Ein Brückenteilzeit-Antrag nach §9a TzBfG wird in Deutschland in folgenden Situationen gestellt und ist für folgende Personengruppen besonders relevant:

Pflegende Angehörige mit Rückkehrperspektive: Arbeitnehmer, die einen pflegebedürftigen Elternteil, Ehepartner oder ein Kind für einen absehbaren Zeitraum von ein bis fünf Jahren betreuen möchten, ohne dabei dauerhaft auf ihr Vollzeit-Einkommen zu verzichten.

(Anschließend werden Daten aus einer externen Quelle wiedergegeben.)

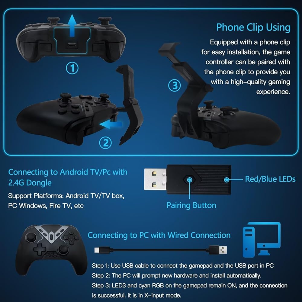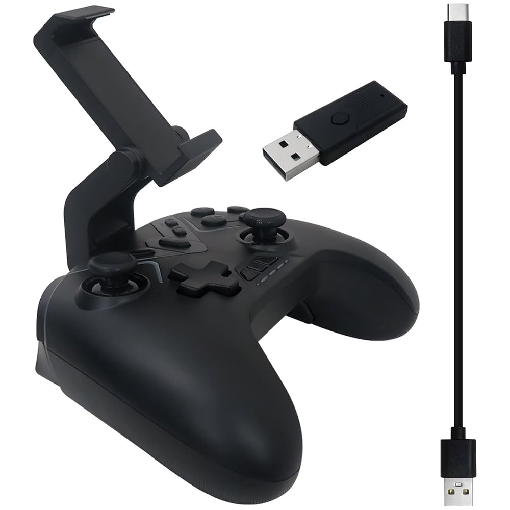 Package Included: 1x Game Controller, 1x 2.4G USB Adapter, 1x Phone Clip, 1x Type-C Cable, and 1x English Manual
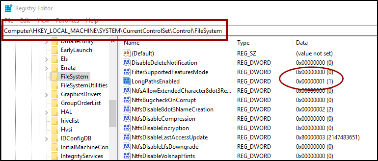HKLM\\SYSTEM\\CurrentControlSet\\Control\\FileSystem LongPathsEnabled (Type: REG_DWORD) should be set to 1.
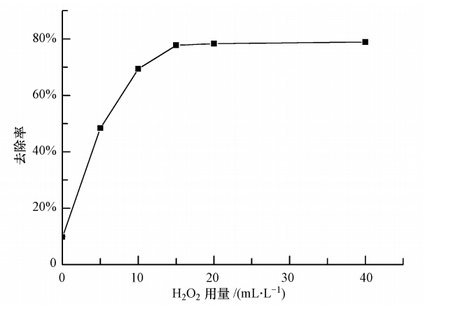 圖 8顯示進水中H2O2投加量對mNiO/C催化降解染料廢水影響顯著.當H2O2的投加量為0時,即單催化劑的效果微乎其微.隨著H2O2投加量的增加,染料的去除率不斷上升,說明H2O2的加入,并非僅僅是直接氧化,而是利用其在催化劑表面產生· OH而實現間接強氧化.當進水中H2O2投加量增加至15 mL · L-1時,染料的去除率達到78.79%,繼續增加H2O2投加量,出水效果變化不明顯.實驗表明過量的H2O2并不能提高對染料的去除率,這是因為過量的H2O2能與· OH發生以下反應:
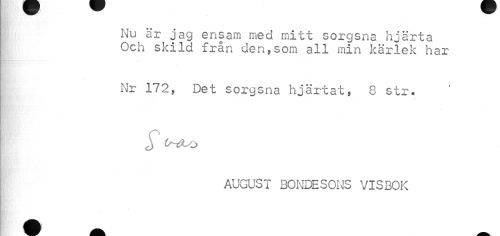 //// DHjn/v» • - //// Nu är jag ensam med mitt sorgsna hjärta Och skild från den,som all min kärlek har //// Nr 172, Det sorgsna hjärtat, 8 str. //// //// /AUGUST BONDESONS VISBOK //// B ////
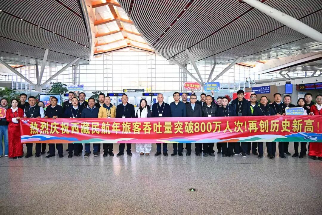圖為當(dāng)天在拉薩貢嘎國際機場抽取了第800萬名的幸運旅客與工作人員合影
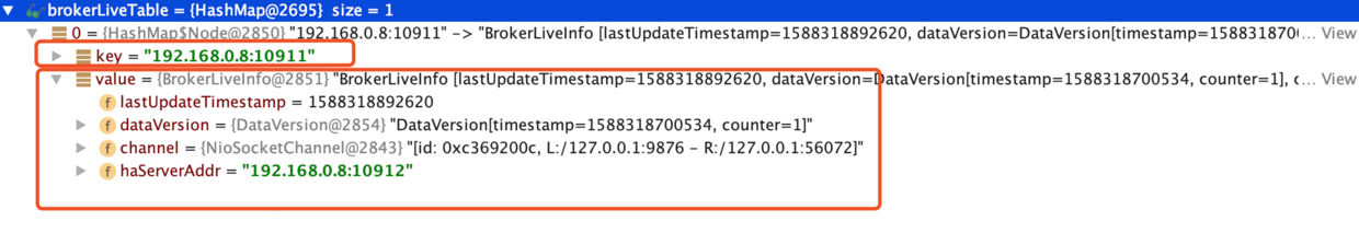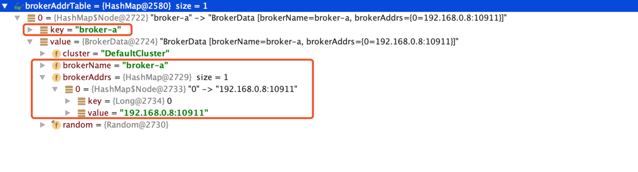 - brokerAddrTable保存以brokerName为维度的broker实例信息BrokerData,BrokerData内部按照brokerId为维度的broker的地址。
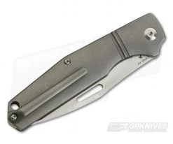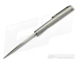 Handle: The full titanium handles are clean and ergonomic with a generous index guard, smoothed with faux “bolsters”. Internally milled pockets significantly reduce weight with no sacrifice in strength. The tumbled, blasted finish on the titanium provides a matte gray finish that is discreet for use. The stainless steel back spring delivers a snappy action opening and closing and a generous hole is included for lanyard attachment.
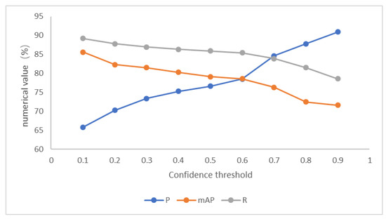 Based on the cotton recognition model obtained from the training, by adjusting the confidence threshold, the changes in the accuracy, recall, and mAP of the measurement model for cotton target recognition of the test set under different thresholds were compared, and the best prediction category threshold of the model in combination with the actual needs of cotton recognition tasks was determined. From this test, the identification accuracy, recall, and mAP distribution of the model under different confidence thresholds are shown in Figure 10.
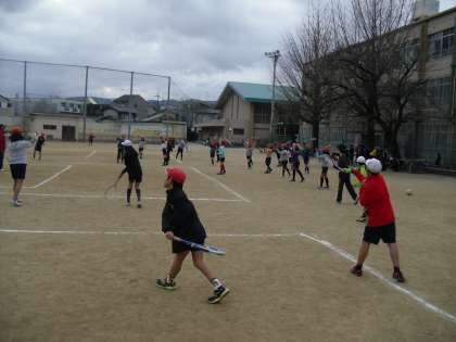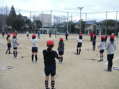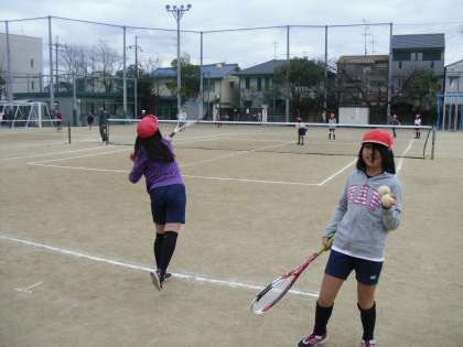 テニス部は,2月に行われる支部の交流会や校内の大会に向けて寒さに負けずに頑張っています。今年は部員が増えたので,気温は低いですが,練習には活気が感じられます。
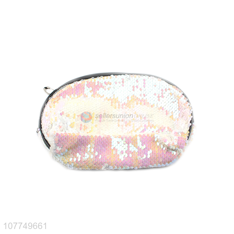 Hot sale lady white sequin travel cosmetic bag
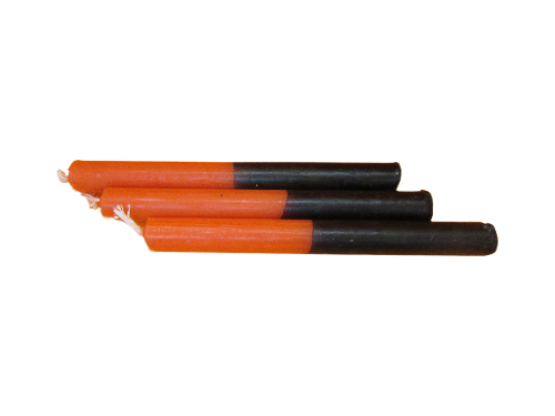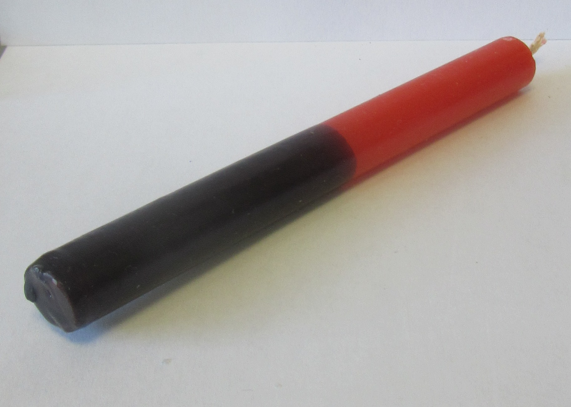 Vela bicolor preta e vermelha com pavio numa extremidade sobre fundo branco
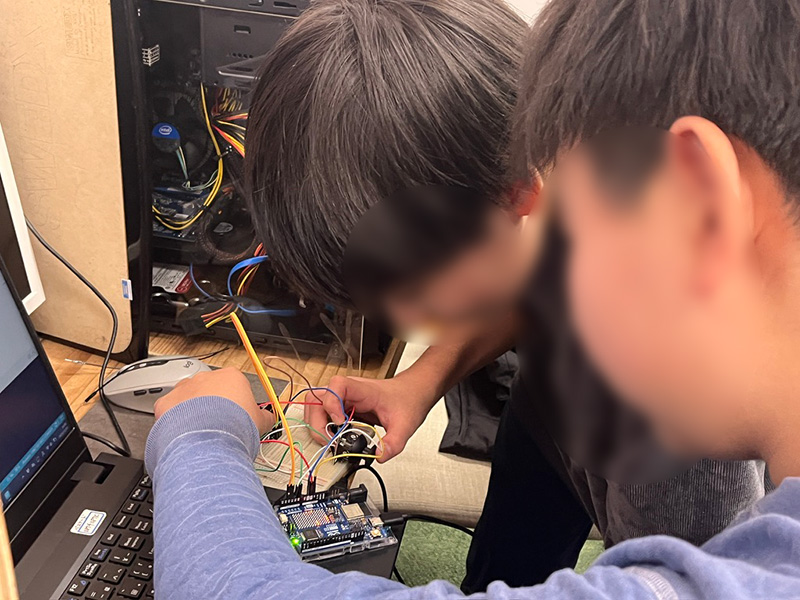 2025-12-08 / 最終更新日時 : 2026-01-12 コニー プログラミング カジタさんのマイコン講座〜2人対戦用スネークゲーム完成 カジタさんのマイコン講座😊「2人で遊べるゲームにしたい!」という生徒の声から、スネークゲームが 2人対戦仕様 に進化しました🎮 コードを直して、配線をつないで、動いた瞬間は思わず「おー!」✨自分たちのアイデアが本当に形になる時間です。
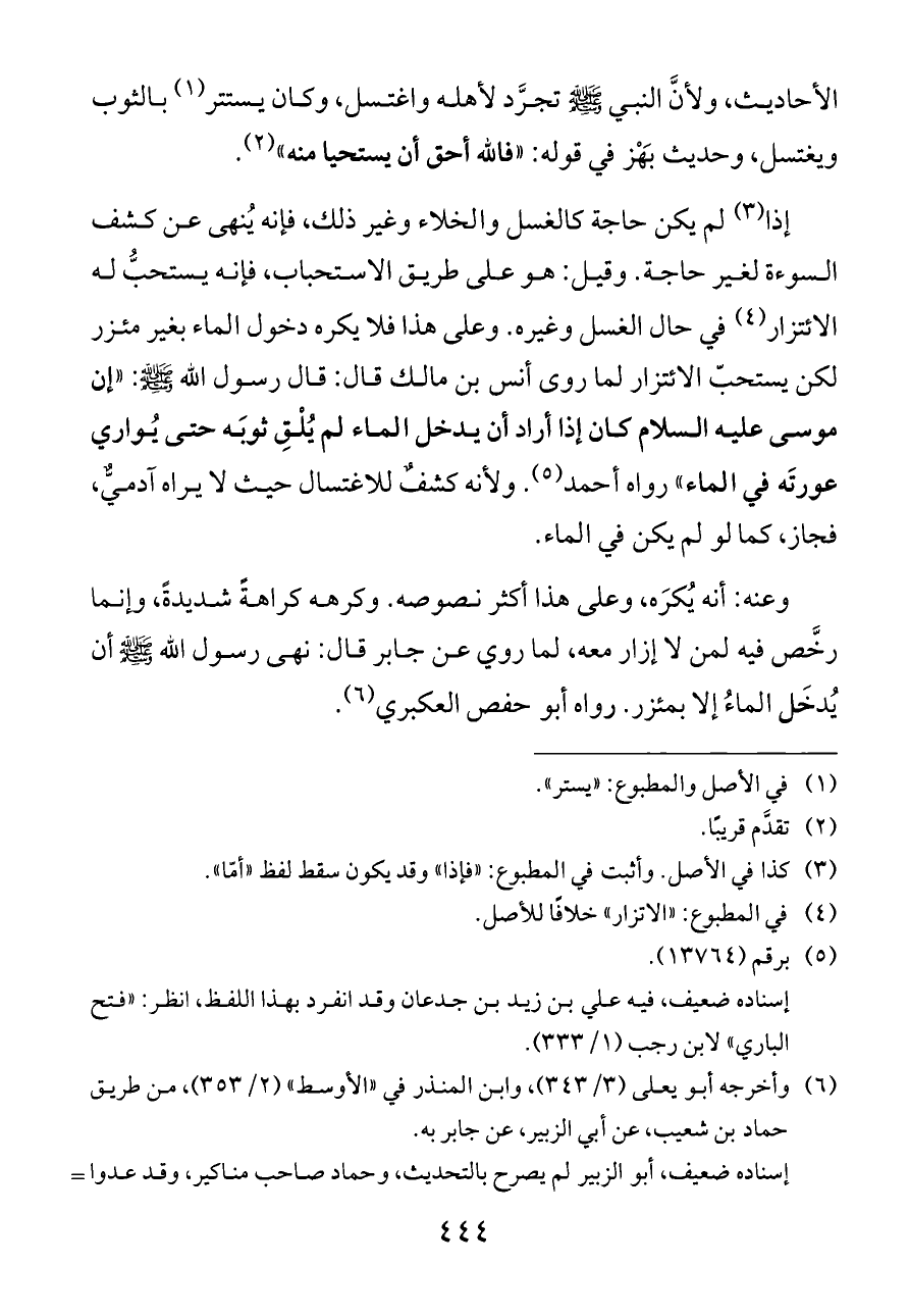 إذا (¬٣) لم يكن حاجة كالغسل والخلاء وغير ذلك، فإنه يُنهى عن كشف السوءة لغير حاجة. وقيل: هو على طريق الاستحباب، فإنه يستحبُّ له الائتزار (¬٤) في حال الغسل وغيره. وعلى هذا فلا يكره دخول الماء بغير مئزر لكن يستحبّ الائتزار لما روى أنس بن مالك قال: قال رسول الله - صلى الله عليه وسلم -: «إن موسى عليه السلام كان إذا أراد أن يدخل الماء لم يُلْقِ ثوبَه حتى يُواري عورتَه في الماء» رواه أحمد (¬٥). ولأنه كشفٌ للاغتسال حيث لا يراه آدميٌّ، فجاز، كما لو لم يكن في الماء.
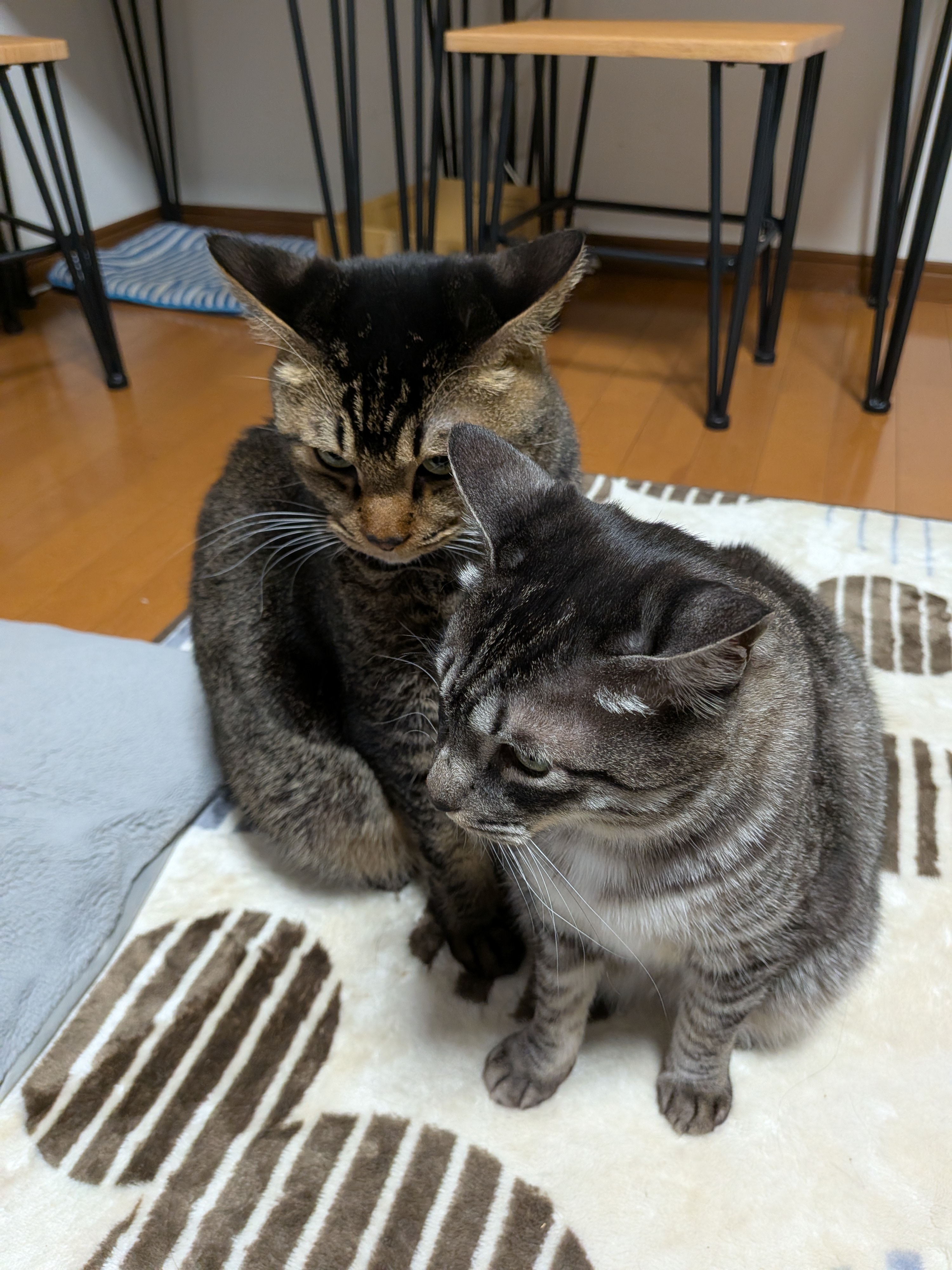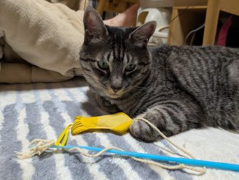 夕食後、おもちゃで遊んだりおやつをもらったりするのが日課なにゃんズ。
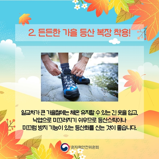 일교차가 큰 가을철에는 체온 유기할 수 있는 긴 옷을 입고, 낙엽으로 미끄러지기 쉬우므로 등산스틱이나 미끄럼 방지 기능이 있는 등산화를 신는 것이 좋습니다.
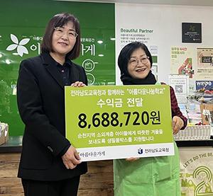 재단법인 아름다운가게 순천지역은 최근 순천교육지원청에 올해 진행한 나눔 프로젝트 ‘아름다운 나눔학교’ 의 수익금을 전달했다고 28일 밝혔다.
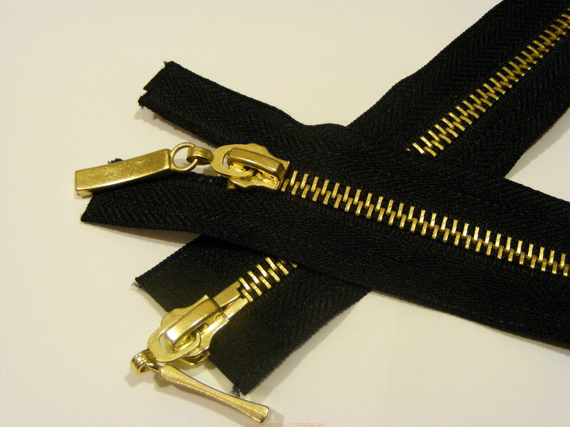 Zamek rozdzielczy dwusuwakowy metalowy /kolor złoty/ 80 cm czarny.
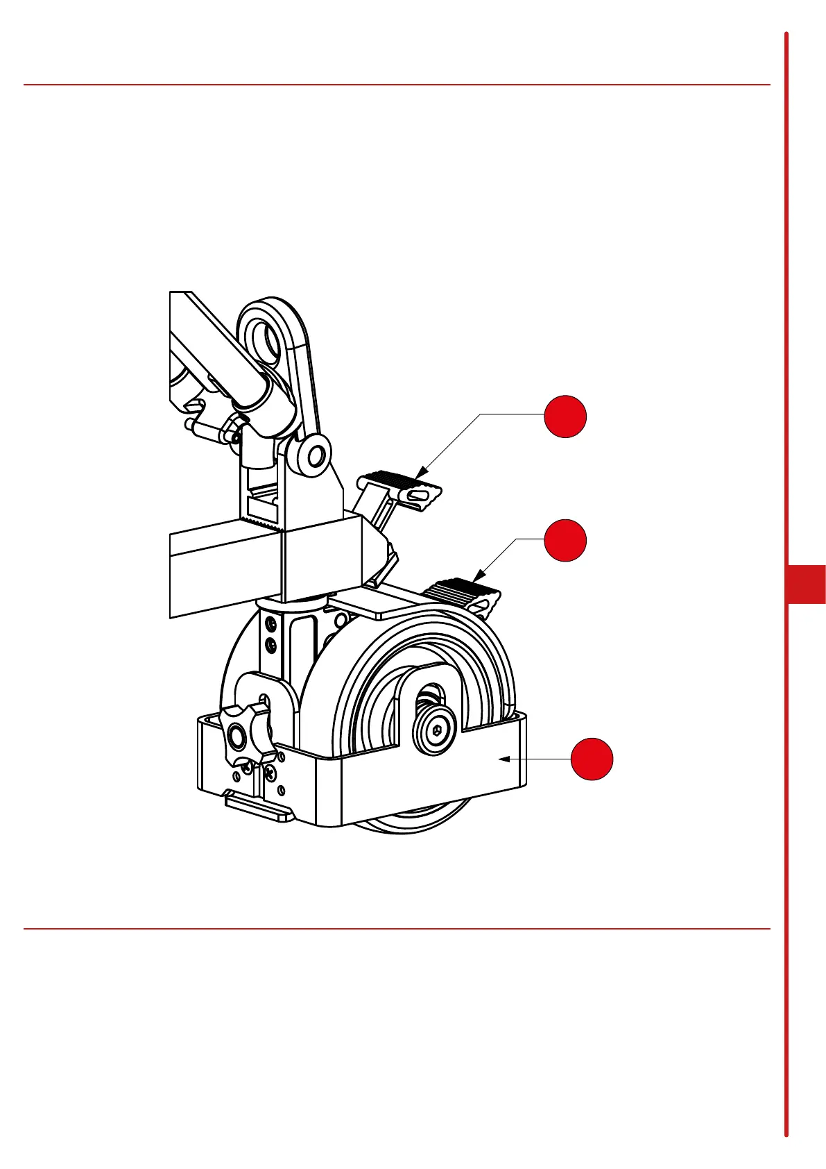 To block all wheels and hence Pedestal movement, lower levers (25).

Die Brückenteilzeit sichert den Rückkehranspruch zur vollen Stundenzahl und schützt so vor dem »Teilzeitfalle«-Phänomen, das bei klassischer Teilzeit nach §8 TzBfG häufig auftritt.

Eltern nach der Elternzeit: Eltern, die nach Beendigung der Elternzeit (BEEG §15) noch nicht wieder in Vollzeit einsteigen möchten, aber die Optionen offenhalten wollen, können Brückenteilzeit für maximal fünf Jahre beantragen. Wichtig: Wer während der Elternzeit Teilzeit nach §15 Abs. 5 BEEG arbeitet, nutzt den BEEG-Anspruch — der Brückenteilzeitanspruch nach §9a TzBfG bleibt davon unberührt.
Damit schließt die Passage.